= Revolution (cycling series) Season 1 =

Season 1 of the Revolution cycling series was held during the winter track cycling season of 2003/2004.

The series started out focusing on endurance cycling and added elite sprinting during the first season..

==Competition==
===Sprint===

Elite sprinting made its Revolution Debut as a main feature at Revolution 3, with the cream of British riders taking on the visiting French squad. The event attracted big names like Chris Hoy, Craig MacLean, Jason Queally, Arnaud Tournant, Grégory Baugé and Florian Rousseau. The main sprint competition saw Hoy defeat MacLean in the first Semi-Final and Roussuau defeat Tournant in the other. Hoy was able to turn on the power in the final to become the first Revolution Sprint winner. In the Keirin event Tournant came home first, followed by teammate Baugé. A team Sprint competition completed the sprinting action, with Team GB and France reaching the final after defeating composite teams in the Semi-Finals. The team of Hoy, MacLean and Queally defeated the French team by 0.2 seconds.
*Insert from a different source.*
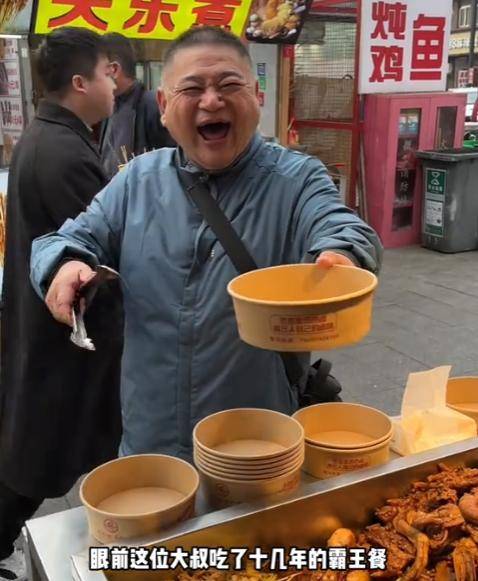 摊主居然也不恼怒,不仅没有赶人,反而爽快地递给华子哥一个碗,还大气表示:想吃啥自己拿,随便拿!

Revolution 4 saw the Dutch team provide the opposition for the British riders. Future World Sprint Champion Theo Bos defeated Chris Hoy in the Semi-Finals to set up a meeting with Jamie Staff in the final. Bos took a convincing victory after an early move caught Staff off guard. In the Keirin race Jon Norfolk made an early break for home but was caught by Hoy just before the line for the Scot to take the victory. To complete the sprint action Team GB continued their fine form in the Team sprint competition by defeating the Dutch team of Bos, Teun Mulder and Tim Veldt by over a second.

===Endurance Competition===

Endurance racing launched the Revolution series from the first event, which featured GB stars Bradley Wiggins, David Millar, Rob Hayles and Chris Newton. The very first race was a Motor Paced Scratch race, in which the bike pulled off 6 laps from the end of the race. The race was won by Millar on his track debut, assisted by his Cofidis teammate Wiggins. The next event was a pursuit challenge, featuring 6 riders over 3 heats. The final saw Wiggins take on Hayles, an encounter in which Hayles led by 2 seconds at the halfway point. However Wiggins was able to turn this around to take the victory by a margin of 2 seconds. Other victories on the night went to James Notley in the Devil Scratch race, Jon Norfolk in a mixed Keirin Race, Chris Newton in the Points race and Rob Hayles in the Scratch race.

The British Riders returned for Revolution 2 and were joined by several visiting Greek riders and several other foreign riders. Bradley Wiggins won the Motor Paced Scratch race and Pursuit events, while the Greek Ioannis Tamouridis took victory in a 1500m Time Trial competition ahead of Chris Newton. Newton then dominated the Points race, taking the victory ahead of Russell Downing. Austrian Roland Gabber rounded off the evening by winning the Scratch race. Revolution 3 saw a mainly British field fight it out for the honours. Tony Gibb took victory in the opening Motor Paced Scratch race. This was followed by Newton again taking victory in the Points race, from Ed Clancy and Russell Downing. Downing then went on to take victory in main Scratch race to round off the evening.

The final event of the season saw several International riders join the field, including World Champion Franco Marvulli. However it was veteran Malcolm Elliott who took a very popular victory in the opening Motor Paced Scratch race. Pursuit World Champion Bradley Wiggins then took on Paul Manning in a thrilling Pursuit Challenge. Both riders were nip and tuck throughout the race, with Manning taking the victory by 0.020 seconds. Huw Pritchard took victory in the Points Race, followed by him finishing second to crowd favourite Marvulli in the Scratch race. The Revolution exclusive Madison Time Trial event made its debut at Revolution 2 during this first season. The top time of the season was set by the team Wiggins and Marvulli at Revolution 4, with 57.99 being clocked by the duo.

===Future Stars Series===

The Future Stars did not run as a points storing competition during the first season, however races were held at each meeting. A number of now established stars competed in the races during the season. Olympic Gold and Silver medalist Jason Kenny and Bronze medalist Steven Burke both took part as did other now familiar names Ben Swift, Adam Blythe, Ian Stannard, Pete Williams and Tom Murray.